• [Task]
Reproduce exactly only the lines from the line that holds "Gujarat is the" to the line that holds "Modern Lohri decoration", inclusive, in the listing below, and please leave out every picture.

• [Listed entries]
BEGIN

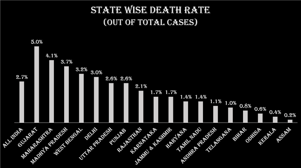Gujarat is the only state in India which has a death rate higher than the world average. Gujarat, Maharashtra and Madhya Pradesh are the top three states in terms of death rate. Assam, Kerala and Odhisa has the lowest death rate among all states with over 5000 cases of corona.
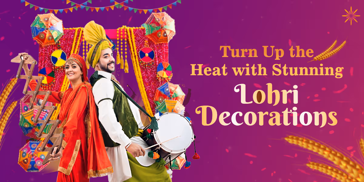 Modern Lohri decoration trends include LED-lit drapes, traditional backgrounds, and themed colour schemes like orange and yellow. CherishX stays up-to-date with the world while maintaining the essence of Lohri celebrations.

END
BEGIN

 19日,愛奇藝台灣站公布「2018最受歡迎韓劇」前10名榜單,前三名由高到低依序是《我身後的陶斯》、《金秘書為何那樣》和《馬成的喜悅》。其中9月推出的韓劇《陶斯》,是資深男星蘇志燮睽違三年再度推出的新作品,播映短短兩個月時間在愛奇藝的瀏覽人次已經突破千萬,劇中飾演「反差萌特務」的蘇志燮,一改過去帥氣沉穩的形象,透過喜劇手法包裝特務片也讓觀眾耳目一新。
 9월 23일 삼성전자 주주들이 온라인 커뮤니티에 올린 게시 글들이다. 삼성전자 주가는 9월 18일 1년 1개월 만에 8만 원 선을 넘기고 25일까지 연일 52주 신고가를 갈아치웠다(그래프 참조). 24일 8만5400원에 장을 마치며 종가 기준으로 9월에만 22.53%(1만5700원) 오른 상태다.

END

• [Response]
Gujarat is the only state in India which has a death rate higher than the world average. Gujarat, Maharashtra and Madhya Pradesh are the top three states in terms of death rate. Assam, Kerala and Odhisa has the lowest death rate among all states with over 5000 cases of corona.
 Modern Lohri decoration trends include LED-lit drapes, traditional backgrounds, and themed colour schemes like orange and yellow. CherishX stays up-to-date with the world while maintaining the essence of Lohri celebrations.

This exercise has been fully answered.